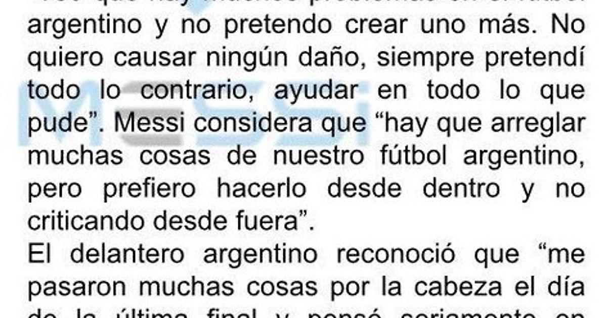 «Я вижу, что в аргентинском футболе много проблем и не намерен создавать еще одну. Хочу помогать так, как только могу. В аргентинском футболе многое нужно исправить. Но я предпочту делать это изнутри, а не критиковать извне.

□ □ □ □ □ □ □

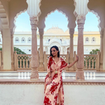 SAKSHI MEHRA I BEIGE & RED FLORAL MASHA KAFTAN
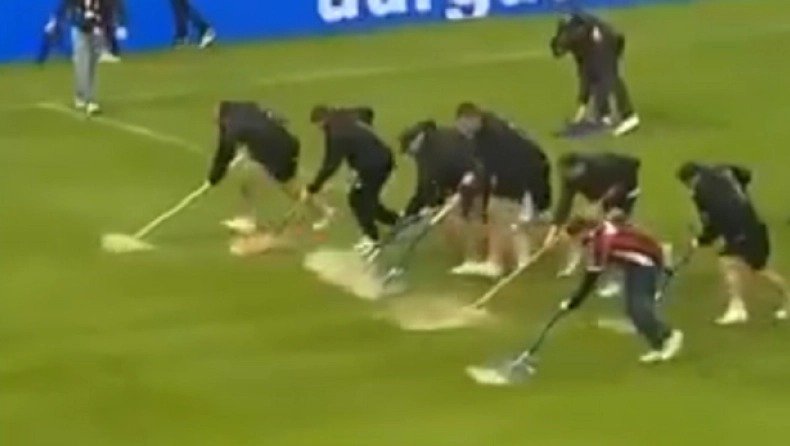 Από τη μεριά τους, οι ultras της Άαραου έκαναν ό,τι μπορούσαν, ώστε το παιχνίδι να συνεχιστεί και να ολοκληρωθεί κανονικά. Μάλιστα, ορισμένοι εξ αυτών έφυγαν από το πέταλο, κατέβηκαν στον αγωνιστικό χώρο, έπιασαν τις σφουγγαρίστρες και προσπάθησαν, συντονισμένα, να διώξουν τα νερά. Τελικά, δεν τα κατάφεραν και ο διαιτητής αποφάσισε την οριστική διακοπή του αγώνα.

□ □ □ □ □ □ □

> **Directions**
Reproduce the records above exactly, but only from the line with "SAKSHI MEHRA I" up to and including the line with "Από τη μεριά". Leave the pictures out.

> **Result of the task**
 SAKSHI MEHRA I BEIGE & RED FLORAL MASHA KAFTAN
 Από τη μεριά τους, οι ultras της Άαραου έκαναν ό,τι μπορούσαν, ώστε το παιχνίδι να συνεχιστεί και να ολοκληρωθεί κανονικά. Μάλιστα, ορισμένοι εξ αυτών έφυγαν από το πέταλο, κατέβηκαν στον αγωνιστικό χώρο, έπιασαν τις σφουγγαρίστρες και προσπάθησαν, συντονισμένα, να διώξουν τα νερά. Τελικά, δεν τα κατάφεραν και ο διαιτητής αποφάσισε την οριστική διακοπή του αγώνα.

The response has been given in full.